Following failed negotiations with TikTok, Universal music has come good on its threat to pull music from the social media platform. That means no more TayTay, no more Drake and no more... all the other artists that fall under its corporate umbrella. Elsewhere, the CEOs of the world's most influential social media platforms got an (at times) genuine grilling from the US Senate. While a few senators managed to come across as, once again, out of touch and out of their depth. X boss Linda Yaccarino might have said the most bizarre thing, stating that the once-Twitter social network was a "brand new company," and that it was looking into parental controls. Twitter was founded in 2006, Linda.

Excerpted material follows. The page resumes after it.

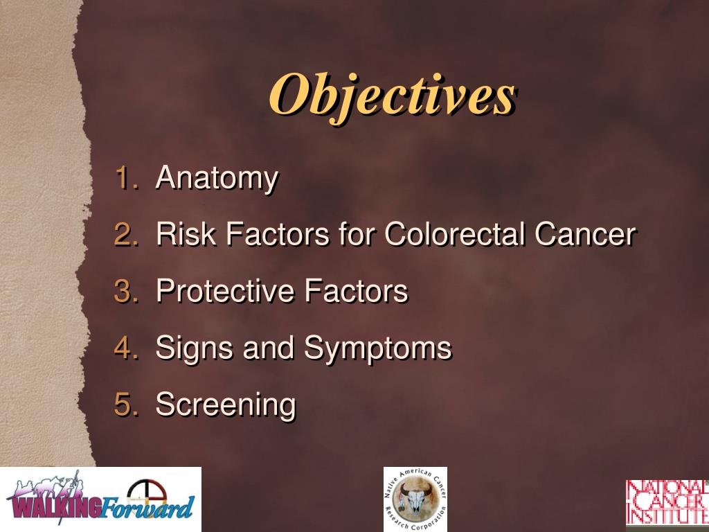 Objectives Anatomy Risk Factors for Colorectal Cancer Protective Factors Signs and Symptoms Screening

As mentioned, the CEOs of Meta, Snap, Discord, X and TikTok testified at a high-stakes Senate Judiciary Committee hearing on child exploitation online. Mark Zuckerberg, Evan Spiegel, Jason Citron, Linda Yaccarino, and Shou Chew spent nearly four hours being grilled by lawmakers, but we've managed to condense the main points and the social media executives' responses to them.
The hearing was the first time Spiegel, Citron and Yaccarino testified to Congress. Notably, according to lawmakers, all three were subpoenaed by the committee after refusing to appear voluntarily. Judiciary Committee Chair Senator Dick Durbin noted that Citron “only accepted services of his subpoena after US Marshals were sent to Discord’s headquarters at taxpayers’ expense.”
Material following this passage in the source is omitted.